Daily Management Review

UK trials new breathing aid developed by Mercedes Formula One


03/30/2020


A new breathing aid to replace ventilators in UCLH in a trial phase, which has created within a week’s time.



One team of “Mercedes Formula One” developed a new type of “breathing aid” for helping the victims of coronavirus outbreak.

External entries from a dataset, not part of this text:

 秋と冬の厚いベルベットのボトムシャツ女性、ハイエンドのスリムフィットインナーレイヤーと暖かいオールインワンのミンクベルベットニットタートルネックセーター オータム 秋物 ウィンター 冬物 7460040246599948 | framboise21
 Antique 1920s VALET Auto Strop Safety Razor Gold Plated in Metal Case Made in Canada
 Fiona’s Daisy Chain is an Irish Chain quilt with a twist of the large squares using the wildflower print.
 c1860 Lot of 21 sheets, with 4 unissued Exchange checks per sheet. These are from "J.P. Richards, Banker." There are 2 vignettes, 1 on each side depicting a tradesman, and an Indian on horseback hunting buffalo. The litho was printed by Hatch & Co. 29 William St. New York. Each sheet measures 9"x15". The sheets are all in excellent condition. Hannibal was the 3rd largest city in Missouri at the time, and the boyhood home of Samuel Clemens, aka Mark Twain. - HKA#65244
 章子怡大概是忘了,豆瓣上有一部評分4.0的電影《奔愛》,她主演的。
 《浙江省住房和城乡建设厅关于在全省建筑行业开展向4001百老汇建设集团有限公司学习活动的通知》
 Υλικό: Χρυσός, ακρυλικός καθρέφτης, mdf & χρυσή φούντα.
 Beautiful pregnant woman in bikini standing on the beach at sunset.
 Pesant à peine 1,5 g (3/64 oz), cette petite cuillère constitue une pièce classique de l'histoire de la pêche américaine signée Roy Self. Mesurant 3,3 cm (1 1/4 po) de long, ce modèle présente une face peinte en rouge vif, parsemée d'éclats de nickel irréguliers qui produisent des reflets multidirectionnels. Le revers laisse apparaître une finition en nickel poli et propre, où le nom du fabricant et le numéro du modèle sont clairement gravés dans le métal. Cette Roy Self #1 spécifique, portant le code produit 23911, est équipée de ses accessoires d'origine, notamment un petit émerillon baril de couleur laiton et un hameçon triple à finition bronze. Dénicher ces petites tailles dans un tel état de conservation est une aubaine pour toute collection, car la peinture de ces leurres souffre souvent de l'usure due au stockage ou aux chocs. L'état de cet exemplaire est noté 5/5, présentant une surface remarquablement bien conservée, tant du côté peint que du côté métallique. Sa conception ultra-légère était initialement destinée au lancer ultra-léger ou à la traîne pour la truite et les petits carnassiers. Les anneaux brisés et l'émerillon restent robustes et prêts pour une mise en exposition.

The said breathing aid was prepared within a week’s time and it has gone for hospitals trials the London.
 
In a “more invasive process”, Italy as well as China used the “Continuous Positive Airway Pressure”, in short CPAP, devices for facilitating the patients’ breathing without putting them on a ventilator instead they delivered “air and oxygen under pressure to patients’ lungs”. However, the new models of CPAP has been approved by the regulators and one hundred such machines were sent to the “University College London Hospital for trials”.
 
According to reports, 50% of patients that were given CPAP, didn’t need “invasive mechanical ventilation” thus abolishing the hassle of sedating the patients while “freeing up ventilators for those more in need”. In the words of the “UCLH critical care consultant”, Professor Mervyn Singer:
“These devices will help to save lives by ensuring that ventilators, a limited resource, are used only for the most severely ill”.
“We hope they will make a real difference to hospitals across the UK by reducing demand on intensive care staff and beds, as well as helping patients recover without the need for more invasive ventilation.”
 
Along with the “Mercedes-AMG High Performance Powertrains” team, the engineers as well as the clinicians of UCLH worked to create the breathing aid.  The director of “UCL Institute of Healthcare Engineering”, Professor Rebecca Shipley noted that the risk of the healthcare workers getting affected from the CPAC, given the chance of “contaminated droplets” escaping from the device, was “very low” provided the workers wear “appropriate personal protective equipment”.
 
Moreover, she also informed that the new device could be generated at a large scale within a less time, as she added:
“Mercedes can make 1,000 a day within a week, and if the tests go well they can be in the NHS by the end of this week”.
 
From the initial discussion to the production of the first device, the new breathing aids were completed within less than hundred hours. Furthermore, the “Oxford Optronix” team is also part of the project as the latter with build the “oxygen monitors for the CPAP devices”.